Your task |
A verbatim copy of all the data is required, minus any images.

Recorded information |
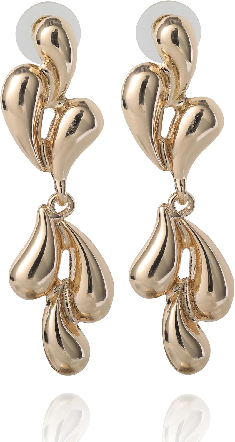 BCBGeneration Squiggle Shape Large Stud Earrings with Dangle Charm, Gold-Tone Drop Earrings for Women
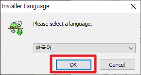 위에서 설치 파일을 실행해주시면 다음과 같은 화면에서 언어를 선택할 수 있습니다. 여기에서 원하시는 언어를 선택하시고, [OK]버튼을 클릭해 주시면 됩니다.
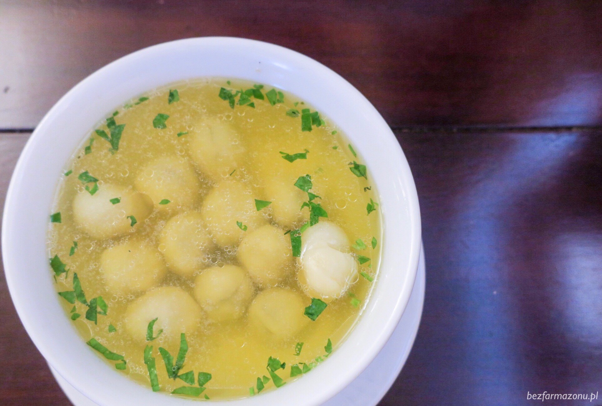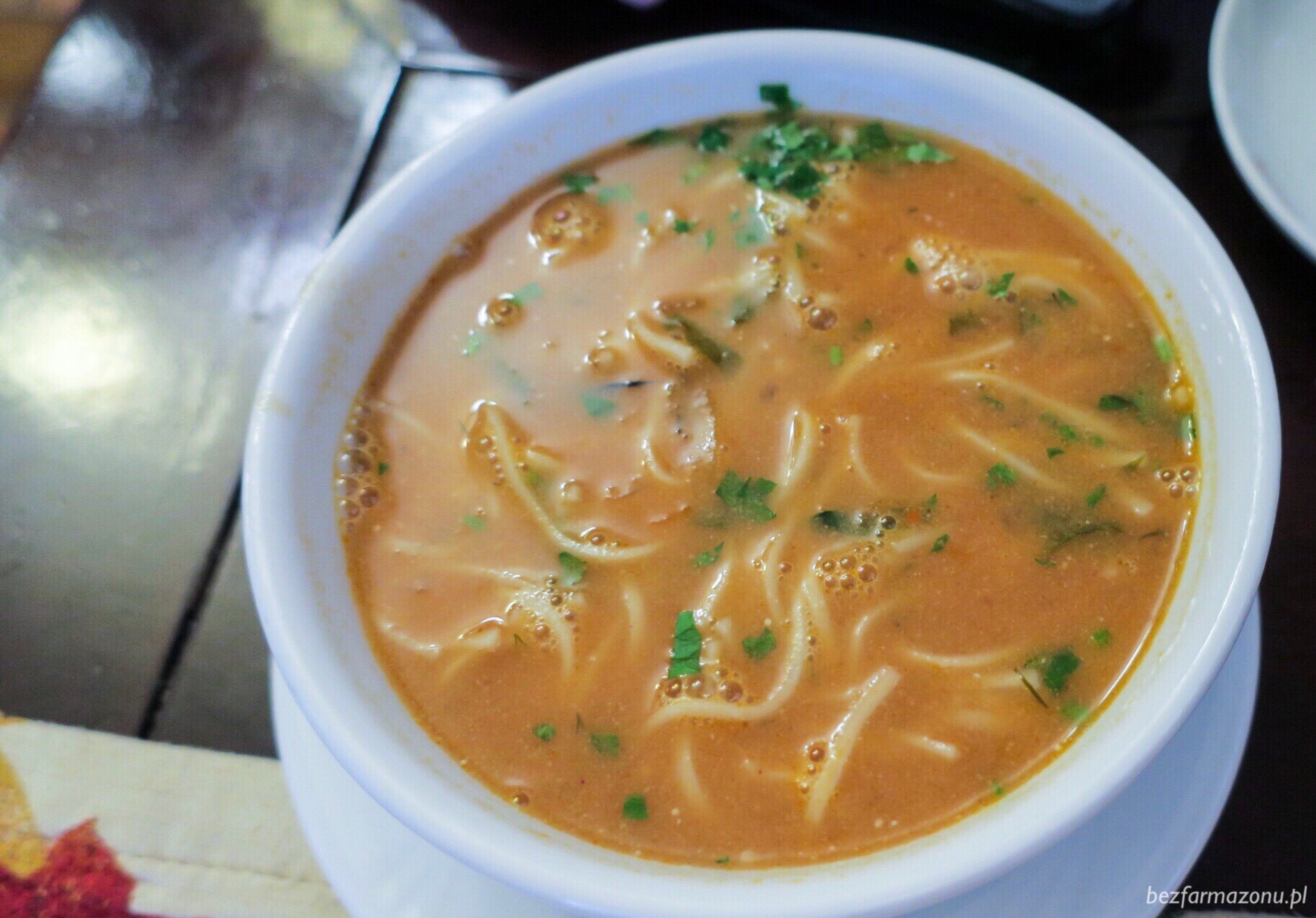 Rosół z kołdunami (8zł), rosół z makaronem (7zł) oraz zupa dnia którą była pomidorowa z makaronem (6zł). Wszystkie w 300ml miseczkach, gorące, aromatyczne i smaczne. W kołdunach wyraźny smak mięsa.
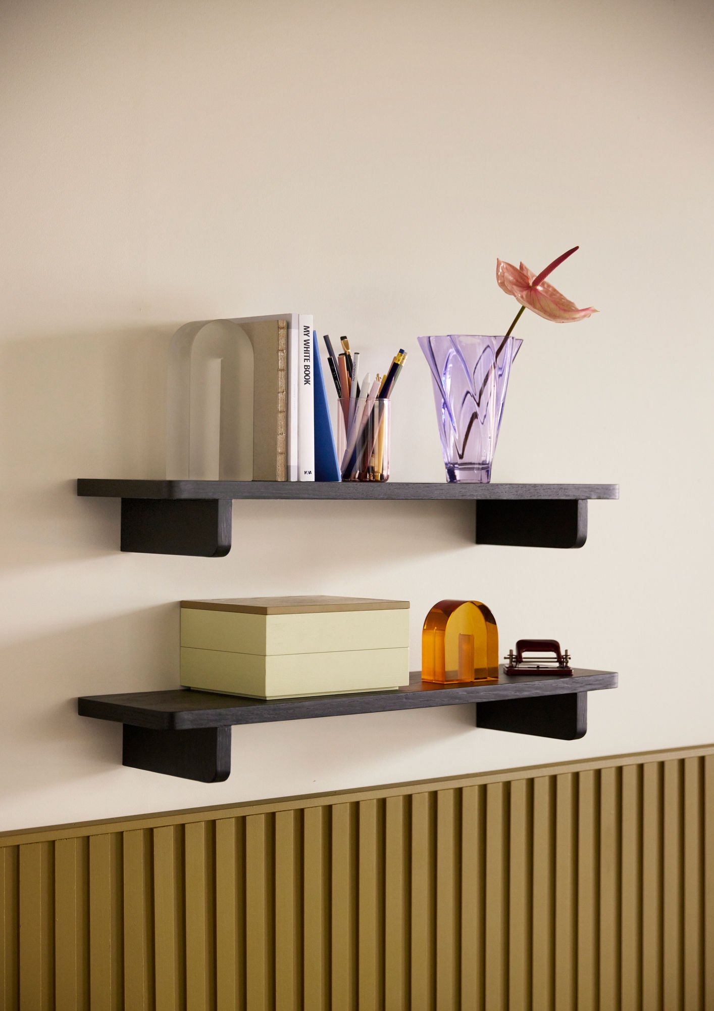 En lille hylde med stor personlighed – skab din egen udstilling i børnehøjde eller tilføj et strejf af sort elegance på væggen.

Final answer |
 BCBGeneration Squiggle Shape Large Stud Earrings with Dangle Charm, Gold-Tone Drop Earrings for Women
 위에서 설치 파일을 실행해주시면 다음과 같은 화면에서 언어를 선택할 수 있습니다. 여기에서 원하시는 언어를 선택하시고, [OK]버튼을 클릭해 주시면 됩니다.
 Rosół z kołdunami (8zł), rosół z makaronem (7zł) oraz zupa dnia którą była pomidorowa z makaronem (6zł). Wszystkie w 300ml miseczkach, gorące, aromatyczne i smaczne. W kołdunach wyraźny smak mięsa.
 En lille hylde med stor personlighed – skab din egen udstilling i børnehøjde eller tilføj et strejf af sort elegance på væggen.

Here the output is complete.